Finals is a 2019 Indian Malayalam-language sports drama directed by Arun P. R. It stars Rajisha Vijayan, Suraj Venjaramoodu, and Niranj Maniyanpilla Raju. The film is based on real-life athletes.

==Premise==
Alice, an elite cyclist and national champion, trains for the 2020 Summer Olympics with her disciplinarian father, Varghese, and childhood friend, Manuel.

== Cast ==
- Rajisha Vijayan as Alice Varghese
- Suraj Venjaramoodu as P. Varghese master, Alice's father
- Niranj Maniyanpilla Raju as Manuel Thomas
- Tini Tom as Thomas, Manuel's father
- Maniyan Pilla Raju as Sports Minister Siva Shankara Pillai
- Nisthar Sait as Rama Seshan
- Kunchan as Azees
- Mala Parvathi
- Muthumani as Wardha
- Sona Nair as Mini Thomas, Manuel's mother
- Dhruvan as Aadhi (cameo appearance)
- Milkha Singh as Himself (Cameo Appearance)

== Music ==
The songs were composed by Kailas Menon.

| No. | Title | Singer(s) | Length |
|---|---|---|---|
| 1. | "Nee Mazhavillu Polen" | Naresh Iyer, Priya Prakash Varrier | 4:36 |
| 2. | "Manjukaalam" | Srinivas | 4:42 |
| 3. | "Parakkam Parakkam" | Yazin Nizar, Latha Krishna | 4:52 |
| 4. | "Chalaname" | Benny Dayal | 3:38 |
| Total length: |  |  | 17:48 |

== Release ==
The Times of India gave the film a rating of three-and-half out of five stars and wrote that "The best part about Finals is how Arun succeeds to keep the audience guessing.
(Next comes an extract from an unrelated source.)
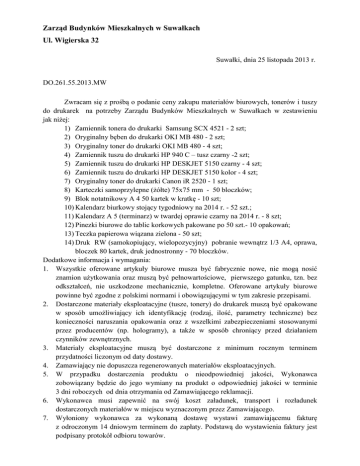 Zarząd Budynków Mieszkalnych w Suwałkach Ul. Wigierska 32 Suwałki, dnia 25 listopada 2013 r. DO.261.55.2013.MW Zwracam się z prośbą o podanie ceny zakupu materiałów biurowych, tonerów i tuszy do drukarek na potrzeby Zarządu Budynków Mieszkalnych w Suwałkach w zestawieniu jak niżej: 1) Zamiennik tonera do drukarki Samsung SCX 4521 - 2 szt; 2) Oryginalny bęben do drukarki OKI MB 480 - 2 szt; 3) Oryginalny toner do drukarki OKI MB 480 - 4 szt; 4) Zamiennik tuszu do drukarki HP 940 C – tusz czarny -2 szt; 5) Zamiennik tuszu do drukarki HP DESKJET 5150 czarny - 4 szt; 6) Zamiennik tuszu do drukarki HP DESKJET 5150 kolor - 4 szt; 7) Oryginalny toner do drukarki Canon iR 2520 - 1 szt; 8) Karteczki samoprzylepne (żółte) 75x75 mm - 50 bloczków; 9) Blok notatnikowy A 4 50 kartek w kratkę - 10 szt; 10) Kalendarz biurkowy stojący tygodniowy na 2014 r. - 52 szt.; 11) Kalendarz A 5 (terminarz) w twardej oprawie czarny na 2014 r. - 8 szt; 12) Pinezki biurowe do tablic korkowych pakowane po 50 szt.- 10 opakowań; 13) Teczka papierowa wiązana zielona - 50 szt; 14) Druk RW (samokopiujący, wielopozycyjny) pobranie wewnątrz 1/3 A4, oprawa, bloczek 80 kartek, druk jednostronny - 70 bloczków. Dodatkowe informacja i wymagania: 1. Wszystkie oferowane artykuły biurowe musza być fabrycznie nowe, nie mogą nosić znamion użytkowania oraz muszą być pełnowartościowe, pierwszego gatunku, tzn. bez odkształceń, nie uszkodzone mechanicznie, kompletne. Oferowane artykuły biurowe powinne być zgodne z polskimi normami i obowiązującymi w tym zakresie przepisami. 2. Dostarczone materiały eksploatacyjne (tusze, tonery) do drukarek muszą być opakowane w sposób umożliwiający ich identyfikację (rodzaj, ilość, parametry techniczne) bez konieczności naruszania opakowania oraz z wszelkimi zabezpieczeniami stosowanymi przez producentów (np. hologramy), a także w sposób chroniący przed działaniem czynników zewnętrznych. 3. Materiały eksploatacyjne muszą być dostarczone z minimum rocznym terminem przydatności liczonym od daty dostawy. 4. Zamawiający nie dopuszcza regenerowanych materiałów eksploatacyjnych. 5. W przypadku dostarczenia produktu o nieodpowiedniej jakości, Wykonawca zobowiązany będzie do jego wymiany na produkt o odpowiedniej jakości w terminie 3 dni roboczych od dnia otrzymania od Zamawiającego reklamacji. 6. Wykonawca musi zapewnić na swój koszt załadunek, transport i rozładunek dostarczonych materiałów w miejscu wyznaczonym przez Zamawiającego. 7. Wyłoniony wykonawca za wykonaną dostawę wystawi zamawiającemu fakturę z odroczonym 14 dniowym terminem do zapłaty. Podstawą do wystawienia faktury jest podpisany protokół odbioru towarów. Termin realizacji zamówienia – do dnia 13 grudnia 2013 r. Zamawiający dopuszcza możliwość unieważnienia postępowania w każdym czasie bez podania przyczyny. Ofertę /formularz cenowy/ na wykonanie dostawy proszę złożyć w siedzibie ZBM przy ul. Wigierska 32 (sekretariat) do dnia 03 grudnia 2013 r. do godz.1000. Oferta winna znajdować się w zamkniętej kopercie zaadresowanej na adres Zamawiającego z podaniem przedmiotu dostawy. O wyniku postępowania Zamawiający poinformuje Wykonawców na stronie internetowej www.zbm.suwalki.pl. ZASTĘPCA DYREKTORA Wiesław Lange /-/ podpis nieczytelny W załączeniu: - formularz ofertowy

Just when you think that the film will choose a predictable path, he somehow delightfully veers away". The New Indian Express gave the film a rating of four out of five stars and wrote that "Finals is, without a doubt, the best of all the four Onam releases. After being underwhelmed by the other three, I wanted an experience that's the equivalent of finding water in the middle of a scorching desert".